# Dog shaking and leaning on me before walks



## Nina_82 (Sep 26, 2010)

Hi all,
I have posted a couple of times on here about my rescue Staff x Boxer, Daisy. She has a few issues that we are trying to get under control, the main one being her aggression to other dogs. We are trying various methods to help stop this but she seems to be getting really anxious about everything lately.

I have been reading lots about dog body language and calming signals etc and wonder if anyone can tell me what this means...

For the past few days before a walk she has been leaning against my legs as I put her lead on. I read that leaning is a sign of an anxious dog, is this always the case? 

She has also been shaking as I put her lead on, which I assumed was excitement but now I'm not so sure.

Any help greatly appreciated!


----------



## newfiesmum (Apr 21, 2010)

Leaning does not always mean anxiety. Newfoundlands tend to lean on people but that is part of their breed and something most of them do.

As to the shaking, that is a harder one. How long have you had this dog and has this only just begun? Has anything outside frightened her so that she doesn't want to leave the house? Does she go outside willingly, or is she holding back? And is she ok once she gets outside?

I would have thought that if she didn't want to go, then she would be running away when you get her lead out. Without seeing what sort of shaking is going on, it is hard to know whether it is just excitement.


----------



## Nina_82 (Sep 26, 2010)

Hi, thanks for replying!

We have had her since September and she has been a pain with other dogs since we got her. 

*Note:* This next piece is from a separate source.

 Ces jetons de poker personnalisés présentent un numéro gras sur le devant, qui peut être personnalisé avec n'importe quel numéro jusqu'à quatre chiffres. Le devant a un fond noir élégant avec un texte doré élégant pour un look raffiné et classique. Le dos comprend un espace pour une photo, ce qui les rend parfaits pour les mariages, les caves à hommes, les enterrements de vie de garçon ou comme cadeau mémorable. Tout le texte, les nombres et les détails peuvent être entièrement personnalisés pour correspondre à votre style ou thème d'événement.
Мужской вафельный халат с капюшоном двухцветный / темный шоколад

She goes absolutely mad when she sees any dogs when on walks and there is no getting through to her when she does it, it's like she can't hear or see me when she is going beserk at a dog. She accidently bit my leg once as she just seems to lose all control. She is very obedient in all other situations though and gets on well with dogs that she knows (dogs at training and my mum's dog)

The shaking and leaning has only just started though and lately her tail is down on walks but it goes up when she knows we are on our way home. Although she happily leaves the house for a walk.

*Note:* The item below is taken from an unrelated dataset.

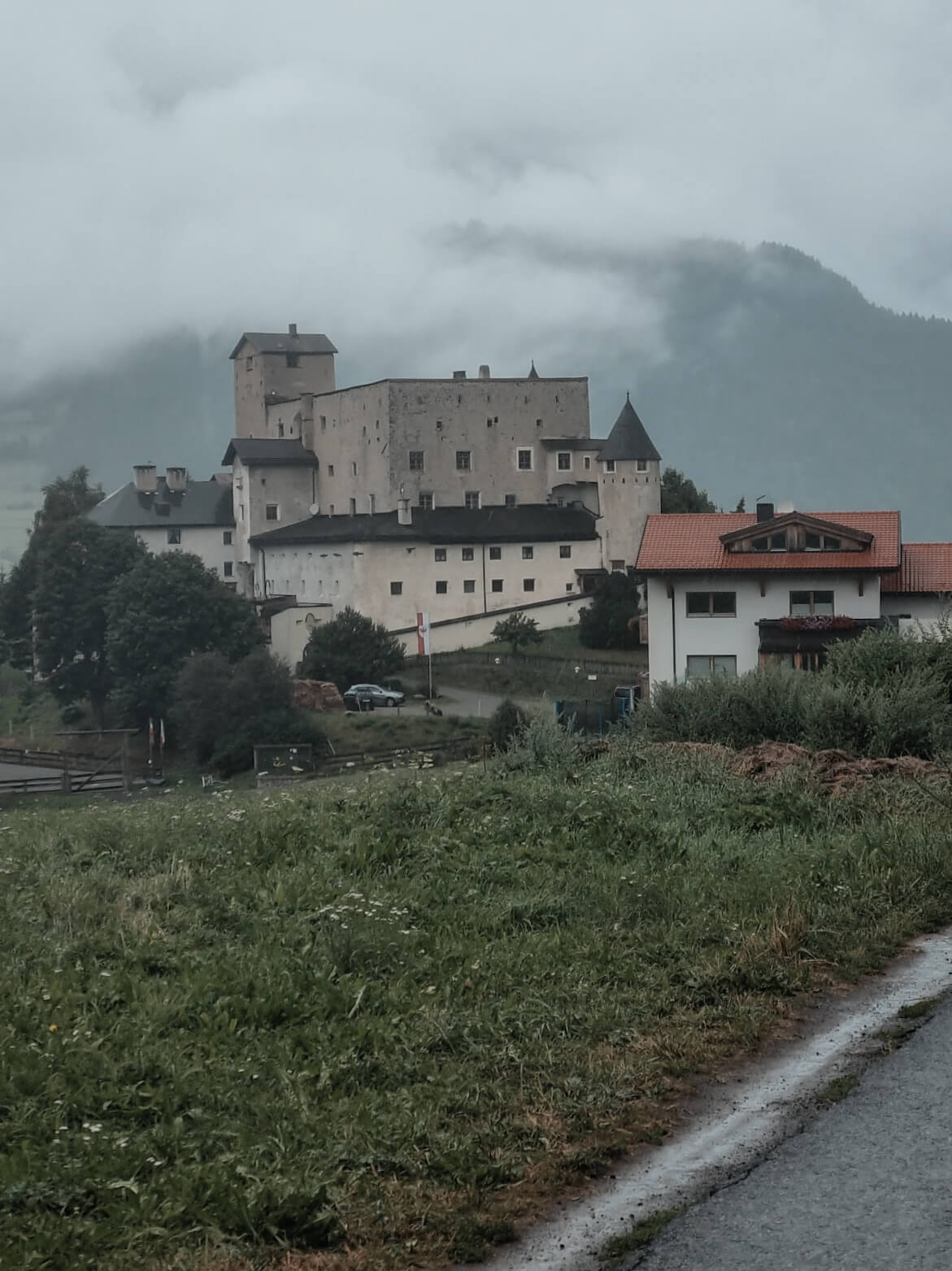 Passato il Lago di Resia giungiamo al Passo, che segna il confine tra Italia e Austria. Il Tirolo austriaco ci accoglie con una pioggia battente ma ci godiamo ugualmente la discesa, sempre su pista ciclabile, fino a Naudersberg e al suo castello risalente al 1325.

Just wonder if she is getting herself so worked up she doesn't enjoy walking as she knows she will see dogs.


----------



## Rottiefan (Jun 20, 2010)

Yeah, it's quite difficult to tell at this stage from your post. If you could let us know how she is when you have the lead on and leaving the house etc. in general, that would be quite helpful.

This could be a behaviour that she got into for whatever reason of her past and it has just became part of normal procedure- it might not mean that much anymore. However, shaking and trembling is generally a sign of stress. Leaning can be for many things, I think. It could be a calming signal, indicating a bit of stress at the moment the leads are put on, or it could even be affection! 

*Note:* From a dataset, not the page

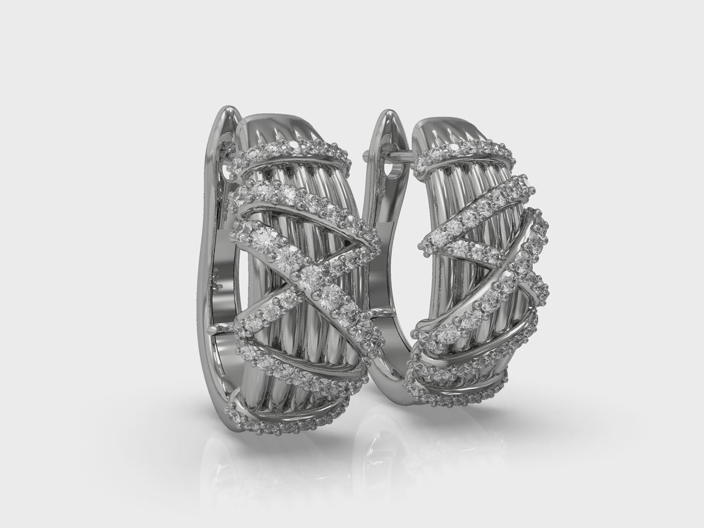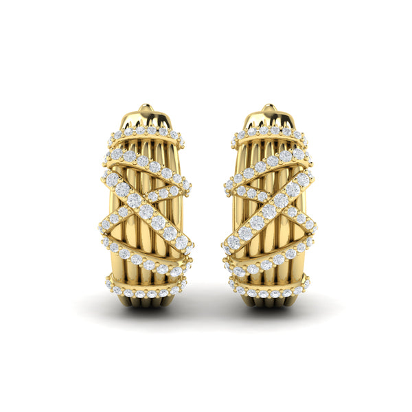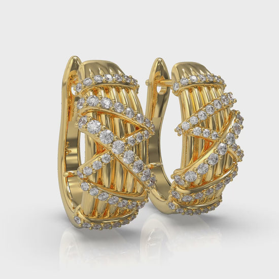 Radiant and sculptural, these earrings feature graceful ribbons of pavé diamonds crossing over a ribbed gold surface. The dimensional design captures light with every turn, blending modern artistry with timeless allure. Elegant from every angle, they bring a refined brilliance to both day and evening looks.

You never know what her past life was like and what association leads and going for walks has for her now. Perhaps her aggression is an indicator of stressful walks in her past life? I'm clutching at straws here, as you can probably tell, so any more info would be good. 

Cheers


----------



## Nina_82 (Sep 26, 2010)

Hi Rottiefan,

I think I must have posted my last post above at the same time as you... 

"We have had her since September and she has been a pain with other dogs since we got her. 

She goes absolutely mad when she sees any dogs when on walks and there is no getting through to her when she does it, it's like she can't hear or see me when she is going beserk at a dog. She accidently bit my leg once as she just seems to lose all control. She is very obedient in all other situations though and gets on well with dogs that she knows (dogs at training and my mum's dog)

The shaking and leaning has only just started though and lately her tail is down on walks but it goes up when she knows we are on our way home. Although she happily leaves the house for a walk.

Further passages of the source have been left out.